··· SOURCE INFORMATION ···

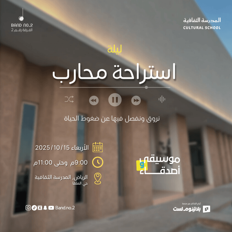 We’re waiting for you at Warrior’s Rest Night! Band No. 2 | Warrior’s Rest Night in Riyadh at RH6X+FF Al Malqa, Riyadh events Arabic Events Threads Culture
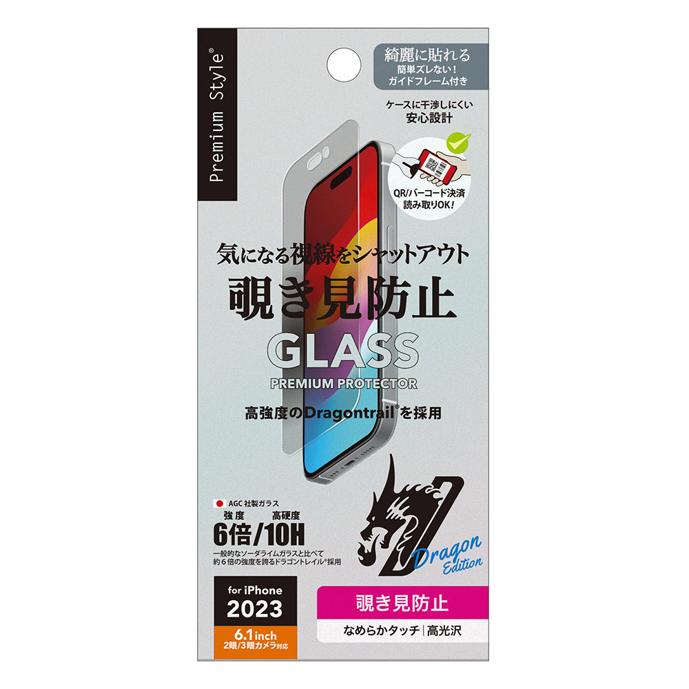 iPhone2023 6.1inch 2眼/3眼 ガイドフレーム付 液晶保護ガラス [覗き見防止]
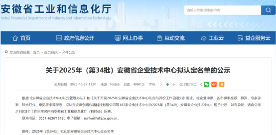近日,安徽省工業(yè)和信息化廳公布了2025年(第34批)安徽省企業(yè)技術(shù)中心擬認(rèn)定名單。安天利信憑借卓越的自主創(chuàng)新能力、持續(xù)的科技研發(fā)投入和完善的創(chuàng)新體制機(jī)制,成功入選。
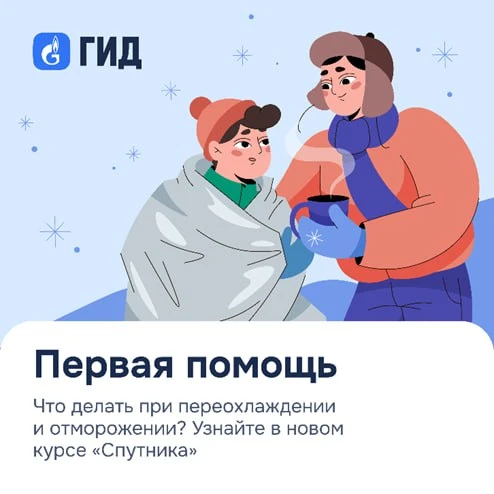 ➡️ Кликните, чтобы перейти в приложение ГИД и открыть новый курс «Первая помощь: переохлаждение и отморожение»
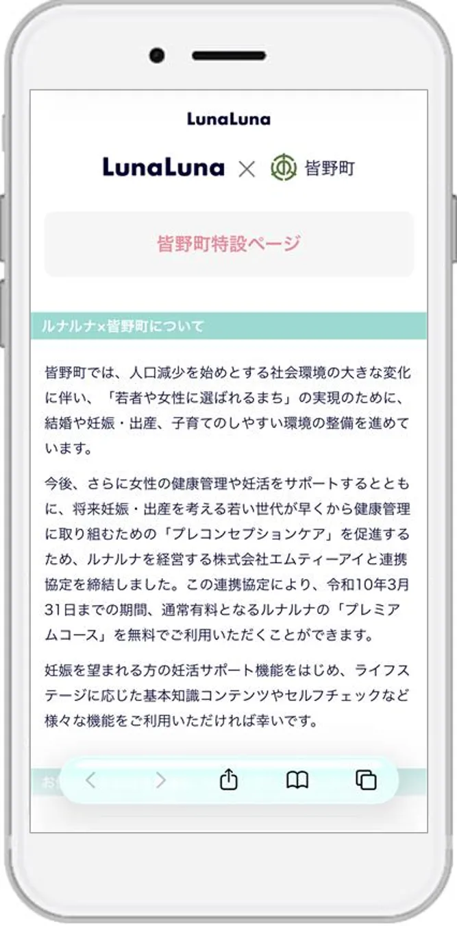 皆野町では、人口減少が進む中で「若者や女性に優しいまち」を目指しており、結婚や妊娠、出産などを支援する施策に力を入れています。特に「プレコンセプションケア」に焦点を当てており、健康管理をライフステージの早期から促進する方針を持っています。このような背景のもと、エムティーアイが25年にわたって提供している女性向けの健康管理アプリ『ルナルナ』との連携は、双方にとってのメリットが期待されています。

···

WORK TASK: Please return only the lines from the top of the data through the line with "iPhone2023 6.1inch 2眼/3眼", exactly as written, and drop every picture.

TASK OUTPUT:
 We’re waiting for you at Warrior’s Rest Night! Band No. 2 | Warrior’s Rest Night in Riyadh at RH6X+FF Al Malqa, Riyadh events Arabic Events Threads Culture
 iPhone2023 6.1inch 2眼/3眼 ガイドフレーム付 液晶保護ガラス [覗き見防止]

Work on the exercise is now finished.